#### What you have to do:
Output all of the data exactly as it appears, but leave out any pictures it contains.

#### Supplied data:
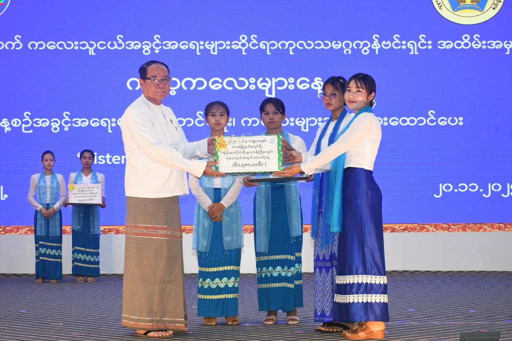 ထို့နောက် ပြည်နယ်ဝန်ကြီးချုပ်က ဘားအံမြို့နယ်အတွင်းရှိ ကိုယ့်အားကိုယ်ကိုးမူလတန်းကြိုကျောင်း(၅၈) ကျောင်းအတွက် တာဝန်ခံဆရာ၊ဆရာမများအားထောက်ပံ့ကြေး၊ သင်ထောက်ကူပစ္စည်းဖိုးငွေအပါအဝင် တစ်ကျောင်းလျှင် ငွေကျပ်(၁၀)သိန်း(၆)သောင်းနှုန်းဖြင့် စုစုပေါင်းငွေကျပ် ခြောက်ရာတစ်ဆယ့်လေးသိန်းရှစ်သောင်းကျပ်ကိုလည်းကောင်း၊ ပြည်နယ်အမျိုးသမီးရေးရာအဖွဲ့နှင့်မိခင်နှင့်ကလေးစောင့်ရှောက်မှုကြီးကြပ်ရေးအဖွဲ့နာယက က လှိုင်းဘွဲမြို့နယ်အတွင်းရှိ ကိုယ့်အားကိုယ်ကိုးမူလတန်းကြိုကျောင်း(၄၂)ကျောင်းအတွက် ငွေကျပ် လေးရာလေးဆယ့်ငါးသိန်းနှစ်သောင်းကျပ်ကို လည်းကောင်း၊ ပြည်နယ်တရားလွှတ်တော်တရားသူကြီးချုပ်ဦးညွန့်လင်းက ကော့ကရိတ်မြို့နယ်ရှိကိုယ့်အားကိုယ်ကိုး မူလတန်းကြိုကျောင်း(၁၃)ကျောင်းအတွက် ငွေကျပ်တစ်ရာသုံးဆယ်ခုနှစ်သိန်းရှစ်သောင်းကျပ်ကိုလည်းကောင်း၊ ပြည် နယ်အစိုးရအဖွဲ့ဝင်များက မြဝတီမြို့နယ်အတွင်းရှိ ကိုယ့်အားကိုယ်ကိုးမူလတန်းကြိုကျောင်း(၂)ကျောင်းအတွက် ငွေကျပ် နှစ်ဆယ့်တစ်သိန်းနှစ်သောင်းကျပ်ကိုလည်းကောင်း၊ သံတောင်ကြီးမြို့နယ်ရှိ ကိုယ့်အားကိုယ်ကိုးမူလတန်းကြိုကျောင်း (၂)ကျောင်းအတွက် ငွေကျပ် နှစ်ဆယ့်တစ်သိန်းနှစ်သောင်းကျပ်ကိုလည်းကောင်း၊ ကြာအင်းဆိပ်ကြီးမြို့နယ်ရှိ ကိုယ့်အား ကိုယ်ကိုးမူလတန်းကြိုကျောင်း(၂)ကျောင်းအတွက် ငွေကျပ်နှစ်ဆယ့်တစ်သိန်းနှစ်သောင်းကျပ်ကိုလည်းကောင်း စုစုပေါင်း ကျောင်းပေါင်း(၁၁၉)ကျောင်းအတွက် ငွေကျပ် တစ်ထောင်နှစ်ရာခြောက်ဆယ့်တစ်သိန်းလေးသောင်းကျပ်ကို အသီးသီး ပေးအပ်ချီးမြှင့်ခဲ့ကြသည်။
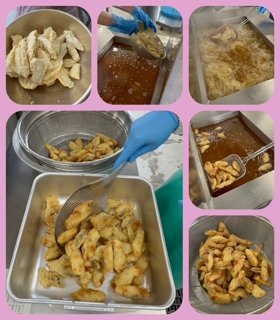 「白身魚フリッター」は、冷凍のまま170度のなたね油で揚げます。
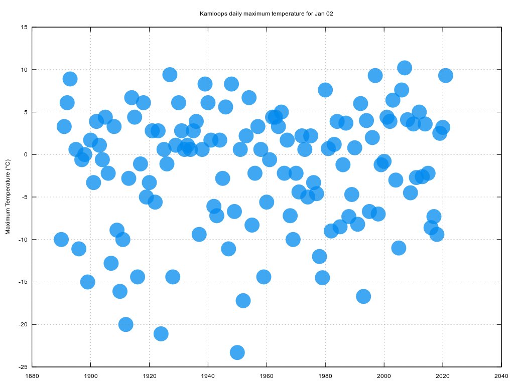 With a ~noon high of 9.3°C, today is #Kamloops's 3rd warmest Jan 2nd since records began in 1890. pic.twitter.com/oLl7fwj1HQ

#### Exercise output:
 ထို့နောက် ပြည်နယ်ဝန်ကြီးချုပ်က ဘားအံမြို့နယ်အတွင်းရှိ ကိုယ့်အားကိုယ်ကိုးမူလတန်းကြိုကျောင်း(၅၈) ကျောင်းအတွက် တာဝန်ခံဆရာ၊ဆရာမများအားထောက်ပံ့ကြေး၊ သင်ထောက်ကူပစ္စည်းဖိုးငွေအပါအဝင် တစ်ကျောင်းလျှင် ငွေကျပ်(၁၀)သိန်း(၆)သောင်းနှုန်းဖြင့် စုစုပေါင်းငွေကျပ် ခြောက်ရာတစ်ဆယ့်လေးသိန်းရှစ်သောင်းကျပ်ကိုလည်းကောင်း၊ ပြည်နယ်အမျိုးသမီးရေးရာအဖွဲ့နှင့်မိခင်နှင့်ကလေးစောင့်ရှောက်မှုကြီးကြပ်ရေးအဖွဲ့နာယက က လှိုင်းဘွဲမြို့နယ်အတွင်းရှိ ကိုယ့်အားကိုယ်ကိုးမူလတန်းကြိုကျောင်း(၄၂)ကျောင်းအတွက် ငွေကျပ် လေးရာလေးဆယ့်ငါးသိန်းနှစ်သောင်းကျပ်ကို လည်းကောင်း၊ ပြည်နယ်တရားလွှတ်တော်တရားသူကြီးချုပ်ဦးညွန့်လင်းက ကော့ကရိတ်မြို့နယ်ရှိကိုယ့်အားကိုယ်ကိုး မူလတန်းကြိုကျောင်း(၁၃)ကျောင်းအတွက် ငွေကျပ်တစ်ရာသုံးဆယ်ခုနှစ်သိန်းရှစ်သောင်းကျပ်ကိုလည်းကောင်း၊ ပြည် နယ်အစိုးရအဖွဲ့ဝင်များက မြဝတီမြို့နယ်အတွင်းရှိ ကိုယ့်အားကိုယ်ကိုးမူလတန်းကြိုကျောင်း(၂)ကျောင်းအတွက် ငွေကျပ် နှစ်ဆယ့်တစ်သိန်းနှစ်သောင်းကျပ်ကိုလည်းကောင်း၊ သံတောင်ကြီးမြို့နယ်ရှိ ကိုယ့်အားကိုယ်ကိုးမူလတန်းကြိုကျောင်း (၂)ကျောင်းအတွက် ငွေကျပ် နှစ်ဆယ့်တစ်သိန်းနှစ်သောင်းကျပ်ကိုလည်းကောင်း၊ ကြာအင်းဆိပ်ကြီးမြို့နယ်ရှိ ကိုယ့်အား ကိုယ်ကိုးမူလတန်းကြိုကျောင်း(၂)ကျောင်းအတွက် ငွေကျပ်နှစ်ဆယ့်တစ်သိန်းနှစ်သောင်းကျပ်ကိုလည်းကောင်း စုစုပေါင်း ကျောင်းပေါင်း(၁၁၉)ကျောင်းအတွက် ငွေကျပ် တစ်ထောင်နှစ်ရာခြောက်ဆယ့်တစ်သိန်းလေးသောင်းကျပ်ကို အသီးသီး ပေးအပ်ချီးမြှင့်ခဲ့ကြသည်။
 「白身魚フリッター」は、冷凍のまま170度のなたね油で揚げます。
 With a ~noon high of 9.3°C, today is #Kamloops's 3rd warmest Jan 2nd since records began in 1890. pic.twitter.com/oLl7fwj1HQ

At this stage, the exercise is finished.